*** Opening of PROVIDED DATA ***

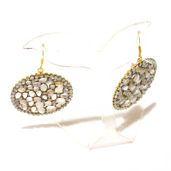 The pictured pair of earrings is in enduring silver. Each silver earring is embellished with brilliant semi-precious stones and cubic zirconia stones, presenting a brilliant shine. These sophisticated silver earrings complement your stylish wear nicely.
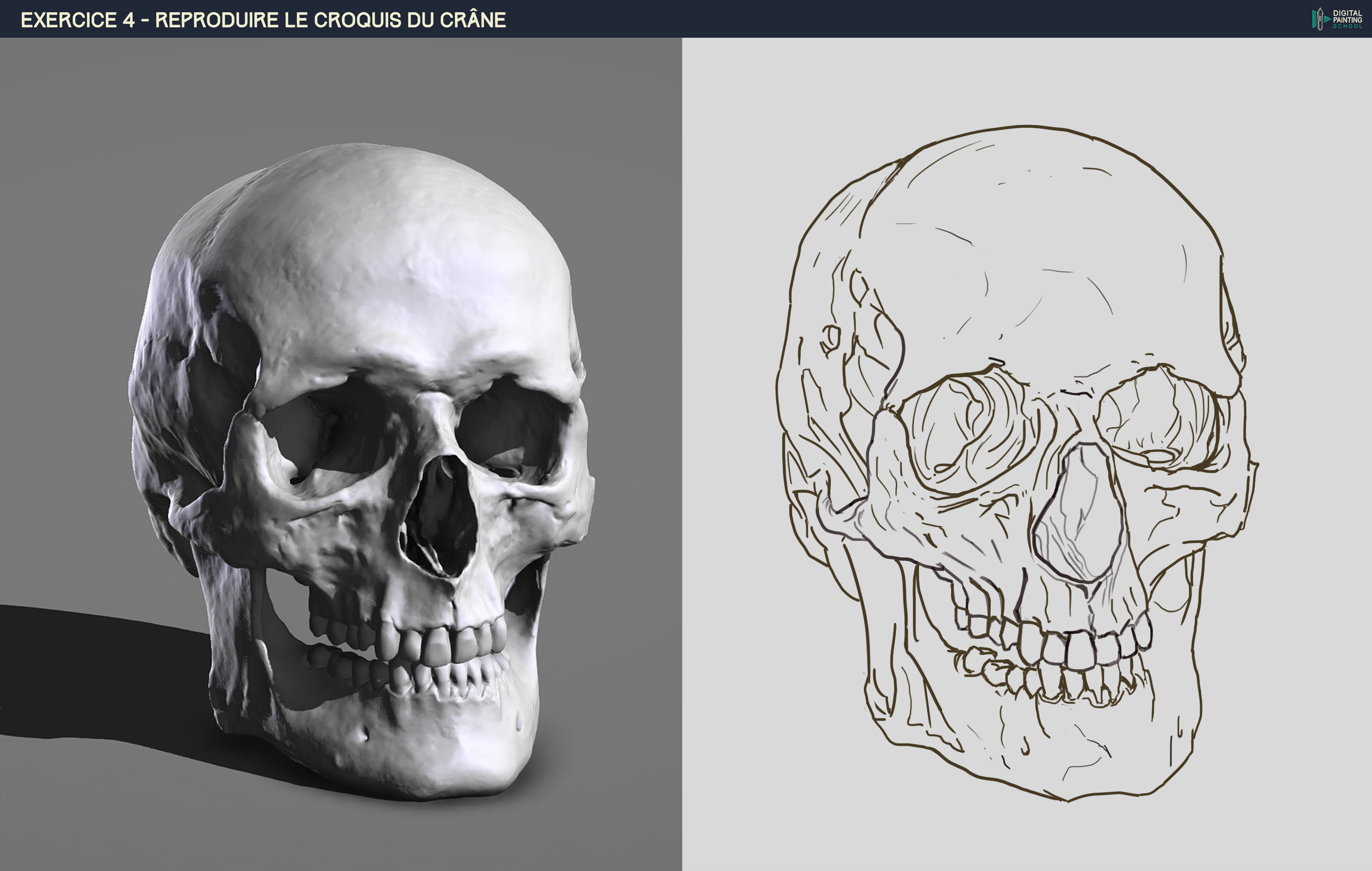 Voici l'exercice du crâne, j'ai ajouté sur un calque en dessous 2-3 valeurs rapides pour plus de lisibilité. En le revoyant je pense qu'il y a une erreur (enfin sûrement pas qu'une, mais celle là me saute plus aux yeux) sur l'orientation. Je pense l'avoir fait trop "de face". Et aussi la gestion de l'épaisseur du trait, je pense que j'ai fait quelque chose de trop uniforme, ça gêne la lisibilité. Pas facile encore une fois de lâcher le crayon pour le stylet 😅
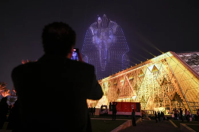 A thousand lights illuminated the sky tonight as the Grand Egyptian Museum hosted a stunning drone show rehearsal ahead of its grand opening — a dazzling display showcasing Egypt’s brilliance on the world stage.#GrandEgyptianMuseum pic.twitter.com/IaiPkaX1Ak
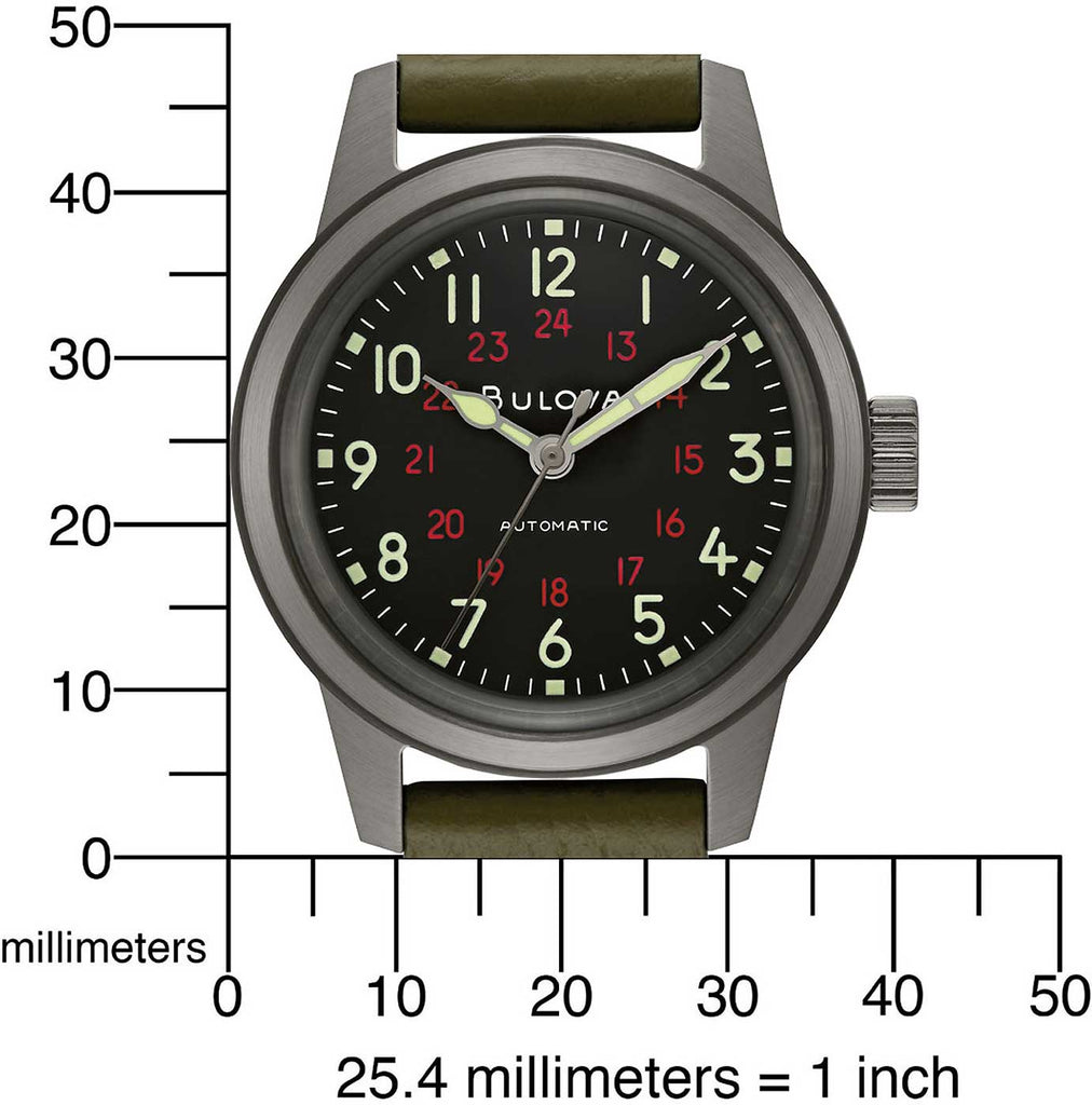 Cette montre appartient à la collection exclusive Bulova Hack, inspirée des montres militaires historiques et rendant hommage à l'héritage de Bulova en tant qu'innovateur dans l'horlogerie.

*** Close of PROVIDED DATA ***

◆ **WHAT THE EXERCISE ASKS**
This task calls for an exact copy of the data above, without pictures.

◆ **EXERCISE RESPONSE**
 The pictured pair of earrings is in enduring silver. Each silver earring is embellished with brilliant semi-precious stones and cubic zirconia stones, presenting a brilliant shine. These sophisticated silver earrings complement your stylish wear nicely.
 Voici l'exercice du crâne, j'ai ajouté sur un calque en dessous 2-3 valeurs rapides pour plus de lisibilité. En le revoyant je pense qu'il y a une erreur (enfin sûrement pas qu'une, mais celle là me saute plus aux yeux) sur l'orientation. Je pense l'avoir fait trop "de face". Et aussi la gestion de l'épaisseur du trait, je pense que j'ai fait quelque chose de trop uniforme, ça gêne la lisibilité. Pas facile encore une fois de lâcher le crayon pour le stylet 😅
 A thousand lights illuminated the sky tonight as the Grand Egyptian Museum hosted a stunning drone show rehearsal ahead of its grand opening — a dazzling display showcasing Egypt’s brilliance on the world stage.#GrandEgyptianMuseum pic.twitter.com/IaiPkaX1Ak
 Cette montre appartient à la collection exclusive Bulova Hack, inspirée des montres militaires historiques et rendant hommage à l'héritage de Bulova en tant qu'innovateur dans l'horlogerie.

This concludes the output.